Maybe. But it’s not clear to me that in practice it would say naughty things, since it’s easier for the model to learn one consistent set of guidelines for what to say or not say than it is to learn two. Annoyingly, in the system card, they give a figure for how often the CoT summary contains inappropriate content (0.06% of the time) but not for how often the CoT itself does. What seems most interesting to me is that if the CoT did contain inappropriate content significantly more often, that would suggest that there’s benefit to accuracy if the model can think in an uncensored way.
And even if it does, then sure, they might choose not to allow CoT display (to avoid PR like ‘The model didn’t say anything naughty but it was thinking naughty thoughts’), but it seems like they could have avoided that much more cheaply by just applying an inappropriate-content filter for the CoT content and filtering it out or summarizing it (without penalizing the model) if that filter triggers.
The model producing the hidden CoT and the model producing the visible-to-users summary and output might be different models/different late-layer heads/different mixtures of experts.
Oh, that’s an interesting thought, I hadn’t considered that. Different models seems like it would complicate the training process considerably. But different heads/MoE seems like it might be a good strategy that would naturally emerge during training. Great point, thanks.

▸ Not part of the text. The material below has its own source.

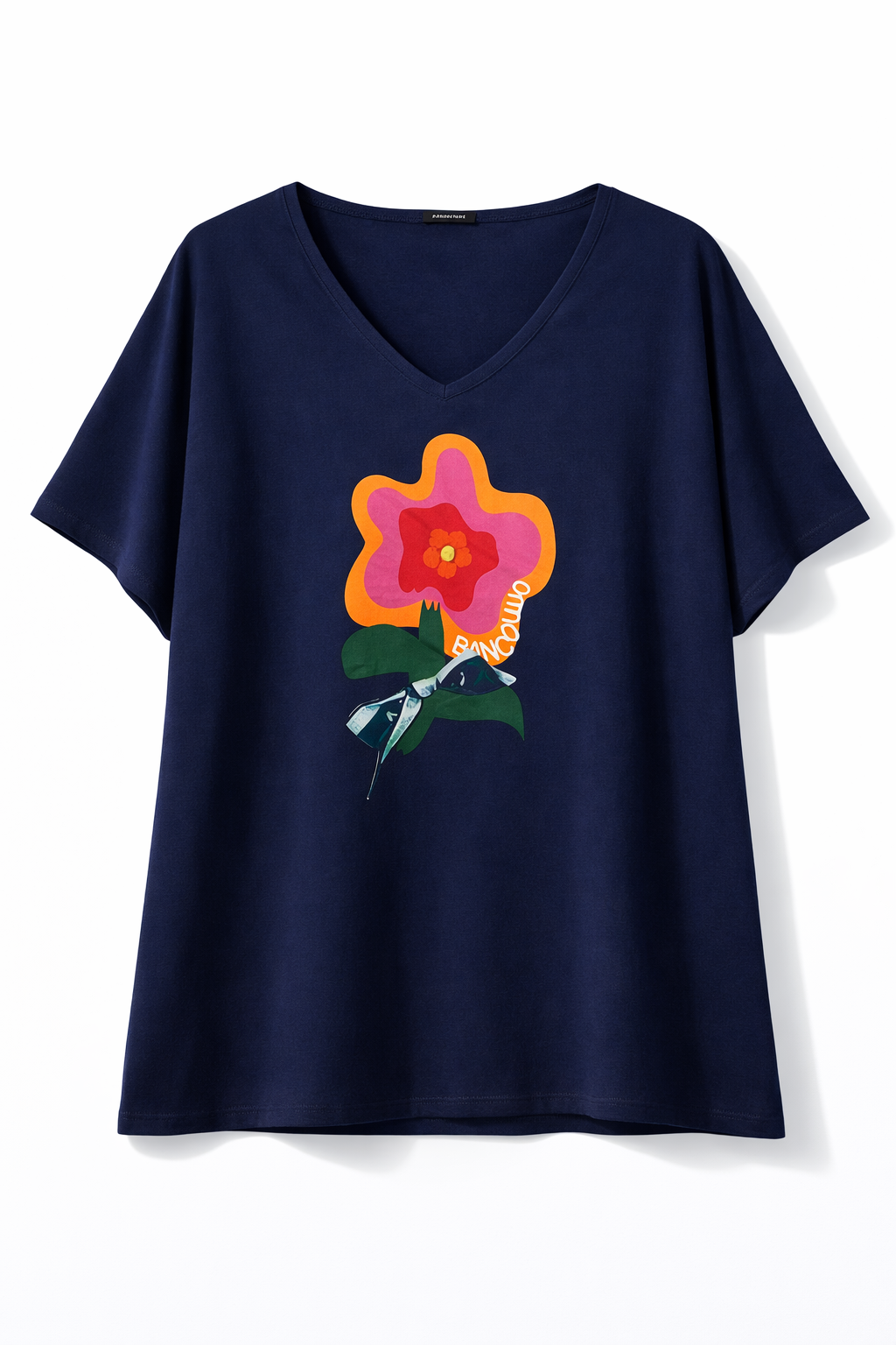 Kolorowy, radosny, z charakterem – ożywia stylizację i sprawia, że bluzka od razu przyciąga spojrzenia.

If I think about asking the model a question about a politically sensitive or taboo subject, I can imagine it being useful for the model to say taboo or insensitive things in its hidden CoT in the course of composing its diplomatic answer. The way they trained it may or may not incentivise using the CoT to think about the naughtiness of its final answer.
But yeah, I guess an inappropriate content filter could handle that, letting us see the full CoT for maths questions and hiding it for sensitive political ones. I think that does update me more towards thinking they’re hiding it for other reasons.
I’m not so sure that an inappropriate content filter would have the desired PR effect. I think you’d need something a bit more complicated… like a filter which triggers a mechanism to produce a sanitized CoT. Otherwise the conspicuous absence of CoT on certain types of questions would make a clear pattern that would draw attention and potentially negative press and negative user feedback. That intermittently missing CoT would feel like a frustrating sort of censorship to some users.